Simple file versioning
One simple way to version files is to manually save new versions when you make significant changes. This works well if:
Some useful practices include:
The directory below shows multiple versions of a web page mock-up called DMSSiteHome.jpg. Note the use of v1, v2, etc. to indicate versions. The notations "FISH" and "SandC" indicate different images that were swapped into some versions, i.e. major changes that were made.
Overall, saving multiple versions makes it possible to decide at a later time that you prefer an earlier version. You can then immediately revert back to that version instead of having to retrace your steps to recreate it.
The Simple File Versioning method requires that you remember to save new versions when it is appropriate.
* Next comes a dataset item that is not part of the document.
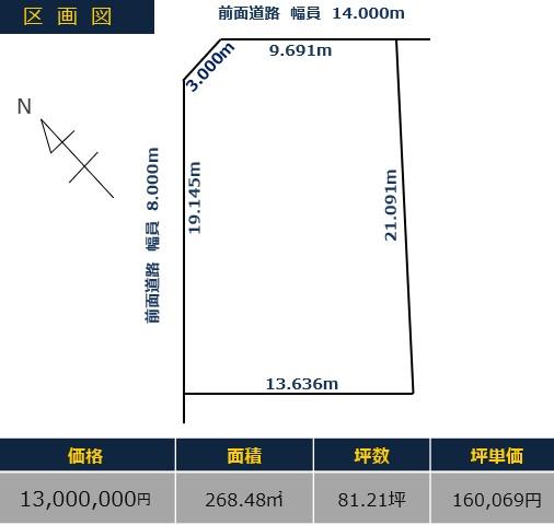 - 北向き角地 間口 9.6m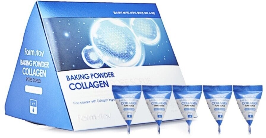 10 цен на FarmStay Baking Powder Collagen Pore Scrub Скраб в пирамидках для очищения пор с содой Упаковка (25шт)

This method can become confusing when collaborating on a document with multiple people.
What the manual process described above requires most is self-discipline. Another approach is to use a version control system that manages changes to a project. These system automate some steps while enforcing others and thereby require less self-discipline for more reliable results.
It's hard to know what version control tool is most widely used in research today, but the one that's most talked about is undoubtedly Git. This is largely because of GitHub, a popular hosting site that combines the technical infrastructure for collaboration via Git with a modern web interface. GitHub is free for public and open source projects and for users in academia and nonprofits. GitLab is a well-regarded alternative that some prefer, because the GitLab platform itself is free and open source.
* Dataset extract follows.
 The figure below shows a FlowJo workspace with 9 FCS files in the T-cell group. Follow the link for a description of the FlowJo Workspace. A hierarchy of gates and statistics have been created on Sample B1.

The one caveat may be that these systems do come with a learning curve.
A version control system stores snapshots of a project's files in a repository. Users modify their working copy of the project, then save changes to the repository when they wish to make a permanent record and/or share their work with colleagues. The version control system automatically records when the change was made and by whom, along with the changes themselves.
Crucially, if several people have edited 1 or more files simultaneously, the version control system will detect any overlapping changes and require conflicts to be resolved before storing the result. Modern version control systems allow repositories to be synchronized with each other, so that no 1 repository becomes a single point of failure. Tool-based version control has several benefits over manual version control:
The benefits of version control systems don't apply equally to all file types. In particular, version control can be more or less rewarding depending on file size and format. First, file comparison in version control systems is optimized for plain text files, such as source code. The ability to see so-called "diffs" is one of the great joys of version control. Unfortunately, while Microsoft Office files (like the .docx files used by Word) or other binary files, e.g., PDFs, can be stored in a version control system, it is not possible to pinpoint specific changes from 1 version to the next. Tabular data (such as CSV files) can be put in version control, but changing the order of the rows or columns will create a big change for the version control system, even if the actual data have not changed.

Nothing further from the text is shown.